Task inputs
•••
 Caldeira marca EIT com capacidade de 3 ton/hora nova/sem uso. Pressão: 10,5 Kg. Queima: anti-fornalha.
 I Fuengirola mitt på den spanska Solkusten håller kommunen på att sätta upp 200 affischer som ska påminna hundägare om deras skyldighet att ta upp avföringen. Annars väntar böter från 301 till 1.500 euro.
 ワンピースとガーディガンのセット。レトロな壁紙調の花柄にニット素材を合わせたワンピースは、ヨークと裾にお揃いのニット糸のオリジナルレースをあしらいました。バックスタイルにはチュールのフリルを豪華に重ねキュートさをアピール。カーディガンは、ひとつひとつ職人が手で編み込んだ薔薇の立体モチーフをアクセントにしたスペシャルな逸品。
•••
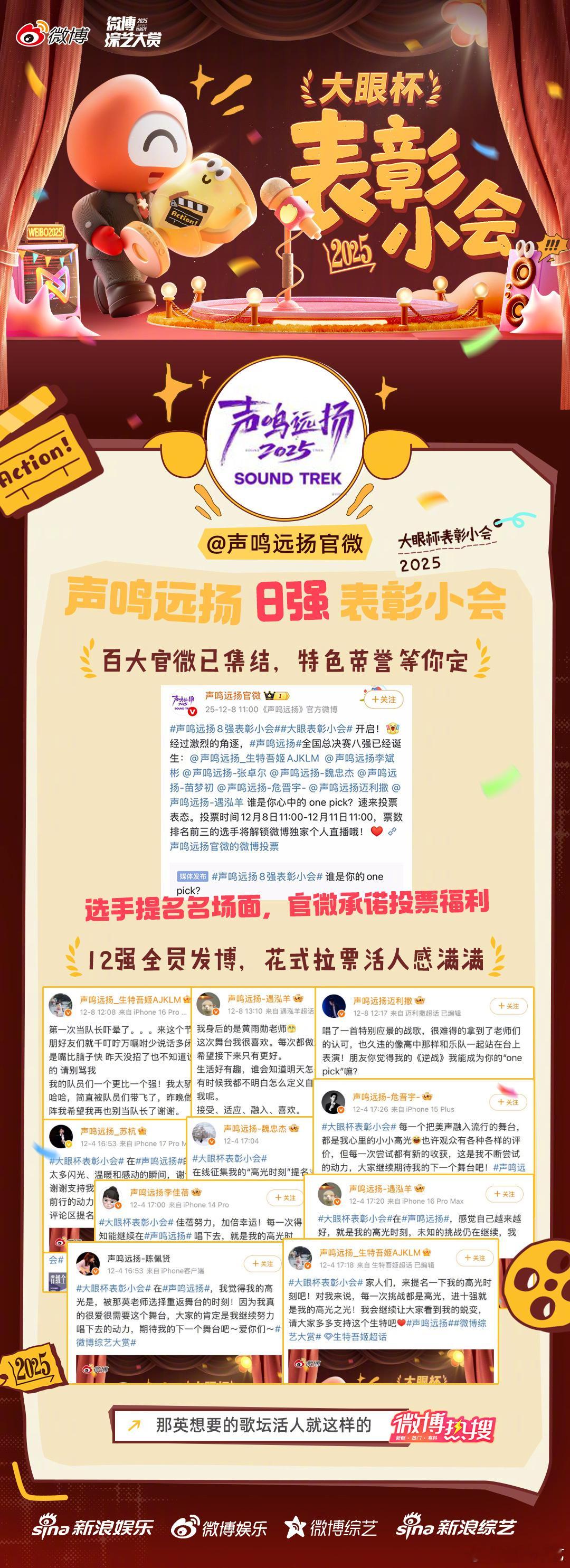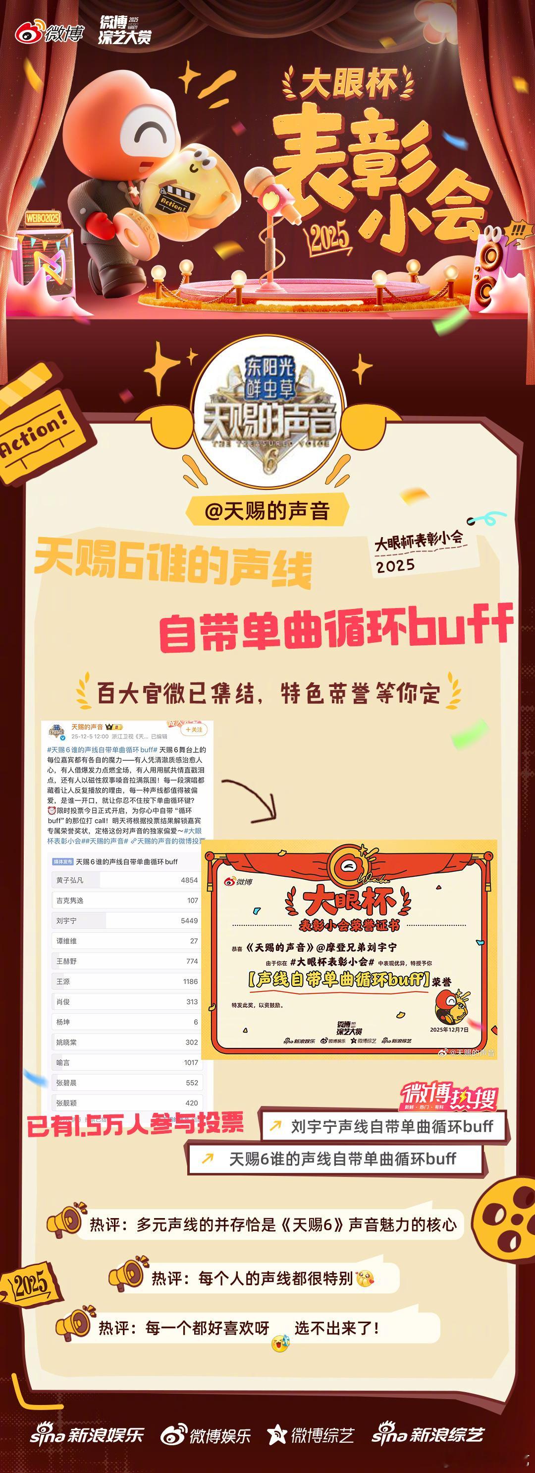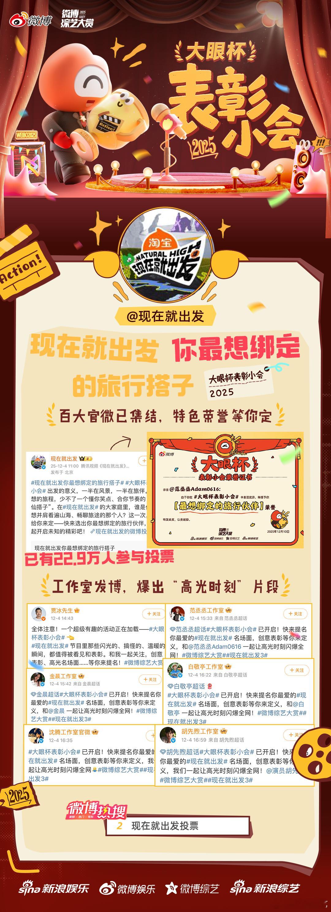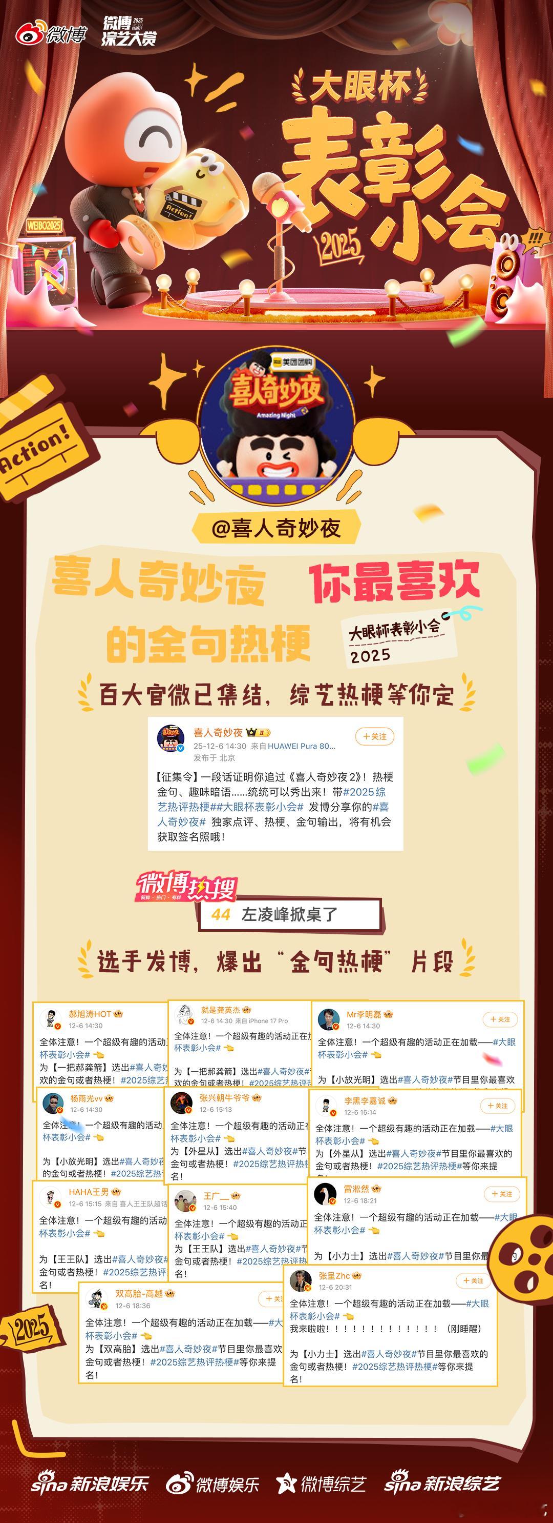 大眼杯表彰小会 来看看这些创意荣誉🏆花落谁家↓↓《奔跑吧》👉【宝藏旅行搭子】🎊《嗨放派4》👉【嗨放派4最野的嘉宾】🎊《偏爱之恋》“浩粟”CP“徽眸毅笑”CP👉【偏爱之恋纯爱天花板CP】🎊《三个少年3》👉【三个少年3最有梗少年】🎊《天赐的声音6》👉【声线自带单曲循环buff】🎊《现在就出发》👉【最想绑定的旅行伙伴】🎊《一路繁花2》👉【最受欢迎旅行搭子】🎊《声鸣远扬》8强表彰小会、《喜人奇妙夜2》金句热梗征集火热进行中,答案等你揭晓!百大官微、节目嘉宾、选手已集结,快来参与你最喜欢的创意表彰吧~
•••
Exercise prompt
The lines above from the one with "Caldeira marca EIT" through the one with "ワンピースとガーディガンのセ" are to be duplicated exactly, ends included, with nothing added.

Problem solution
 Caldeira marca EIT com capacidade de 3 ton/hora nova/sem uso. Pressão: 10,5 Kg. Queima: anti-fornalha.
 I Fuengirola mitt på den spanska Solkusten håller kommunen på att sätta upp 200 affischer som ska påminna hundägare om deras skyldighet att ta upp avföringen. Annars väntar böter från 301 till 1.500 euro.
 ワンピースとガーディガンのセット。レトロな壁紙調の花柄にニット素材を合わせたワンピースは、ヨークと裾にお揃いのニット糸のオリジナルレースをあしらいました。バックスタイルにはチュールのフリルを豪華に重ねキュートさをアピール。カーディガンは、ひとつひとつ職人が手で編み込んだ薔薇の立体モチーフをアクセントにしたスペシャルな逸品。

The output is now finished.